- **DATA SEGMENT**
┄┄┄┄┄┄
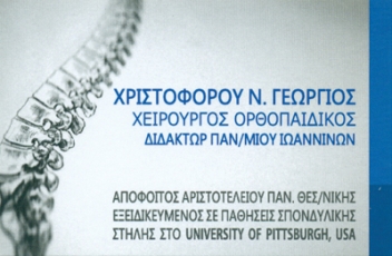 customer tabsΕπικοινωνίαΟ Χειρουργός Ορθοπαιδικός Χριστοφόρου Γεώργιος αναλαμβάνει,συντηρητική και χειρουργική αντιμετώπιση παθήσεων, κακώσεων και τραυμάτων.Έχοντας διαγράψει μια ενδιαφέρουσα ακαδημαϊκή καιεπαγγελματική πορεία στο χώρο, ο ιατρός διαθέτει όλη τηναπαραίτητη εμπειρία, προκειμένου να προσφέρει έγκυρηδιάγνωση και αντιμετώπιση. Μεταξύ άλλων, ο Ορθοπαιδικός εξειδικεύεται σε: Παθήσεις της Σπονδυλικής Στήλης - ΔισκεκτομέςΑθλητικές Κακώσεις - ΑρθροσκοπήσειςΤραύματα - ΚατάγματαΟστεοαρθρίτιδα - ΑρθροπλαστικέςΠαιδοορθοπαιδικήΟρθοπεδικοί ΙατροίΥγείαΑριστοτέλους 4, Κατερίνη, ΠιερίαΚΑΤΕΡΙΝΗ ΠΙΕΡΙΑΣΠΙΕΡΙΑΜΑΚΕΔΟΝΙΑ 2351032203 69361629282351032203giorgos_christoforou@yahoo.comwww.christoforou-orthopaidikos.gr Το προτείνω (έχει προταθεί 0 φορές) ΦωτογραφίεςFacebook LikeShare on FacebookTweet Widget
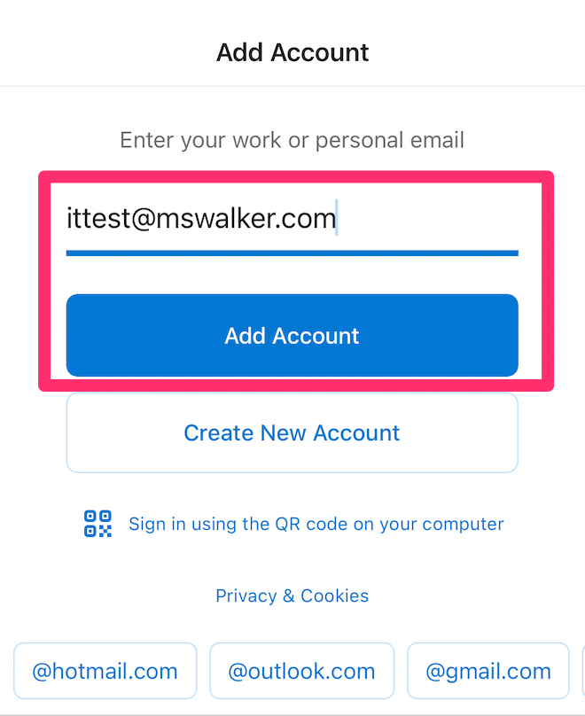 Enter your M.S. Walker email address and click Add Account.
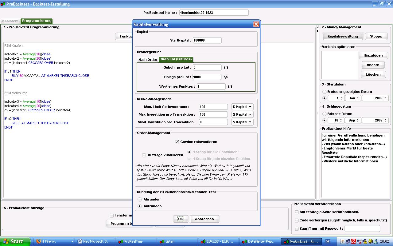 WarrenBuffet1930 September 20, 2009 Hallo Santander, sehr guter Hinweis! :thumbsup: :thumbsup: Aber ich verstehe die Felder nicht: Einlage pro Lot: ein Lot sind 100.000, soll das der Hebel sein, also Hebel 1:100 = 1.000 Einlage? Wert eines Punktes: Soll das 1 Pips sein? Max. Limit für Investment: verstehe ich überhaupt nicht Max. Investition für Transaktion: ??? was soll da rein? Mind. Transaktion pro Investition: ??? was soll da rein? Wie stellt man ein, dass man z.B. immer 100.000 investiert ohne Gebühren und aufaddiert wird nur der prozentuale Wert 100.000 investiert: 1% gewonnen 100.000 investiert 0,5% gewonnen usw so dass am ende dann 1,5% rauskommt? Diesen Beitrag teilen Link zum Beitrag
┄┄┄┄┄┄
- **ABOUT THIS TASK**
Once the images are set aside, retype all of the material above exactly.

- **ANSWER FOR THIS EXERCISE**
 customer tabsΕπικοινωνίαΟ Χειρουργός Ορθοπαιδικός Χριστοφόρου Γεώργιος αναλαμβάνει,συντηρητική και χειρουργική αντιμετώπιση παθήσεων, κακώσεων και τραυμάτων.Έχοντας διαγράψει μια ενδιαφέρουσα ακαδημαϊκή καιεπαγγελματική πορεία στο χώρο, ο ιατρός διαθέτει όλη τηναπαραίτητη εμπειρία, προκειμένου να προσφέρει έγκυρηδιάγνωση και αντιμετώπιση. Μεταξύ άλλων, ο Ορθοπαιδικός εξειδικεύεται σε: Παθήσεις της Σπονδυλικής Στήλης - ΔισκεκτομέςΑθλητικές Κακώσεις - ΑρθροσκοπήσειςΤραύματα - ΚατάγματαΟστεοαρθρίτιδα - ΑρθροπλαστικέςΠαιδοορθοπαιδικήΟρθοπεδικοί ΙατροίΥγείαΑριστοτέλους 4, Κατερίνη, ΠιερίαΚΑΤΕΡΙΝΗ ΠΙΕΡΙΑΣΠΙΕΡΙΑΜΑΚΕΔΟΝΙΑ 2351032203 69361629282351032203giorgos_christoforou@yahoo.comwww.christoforou-orthopaidikos.gr Το προτείνω (έχει προταθεί 0 φορές) ΦωτογραφίεςFacebook LikeShare on FacebookTweet Widget
 Enter your M.S. Walker email address and click Add Account.
 WarrenBuffet1930 September 20, 2009 Hallo Santander, sehr guter Hinweis! :thumbsup: :thumbsup: Aber ich verstehe die Felder nicht: Einlage pro Lot: ein Lot sind 100.000, soll das der Hebel sein, also Hebel 1:100 = 1.000 Einlage? Wert eines Punktes: Soll das 1 Pips sein? Max. Limit für Investment: verstehe ich überhaupt nicht Max. Investition für Transaktion: ??? was soll da rein? Mind. Transaktion pro Investition: ??? was soll da rein? Wie stellt man ein, dass man z.B. immer 100.000 investiert ohne Gebühren und aufaddiert wird nur der prozentuale Wert 100.000 investiert: 1% gewonnen 100.000 investiert 0,5% gewonnen usw so dass am ende dann 1,5% rauskommt? Diesen Beitrag teilen Link zum Beitrag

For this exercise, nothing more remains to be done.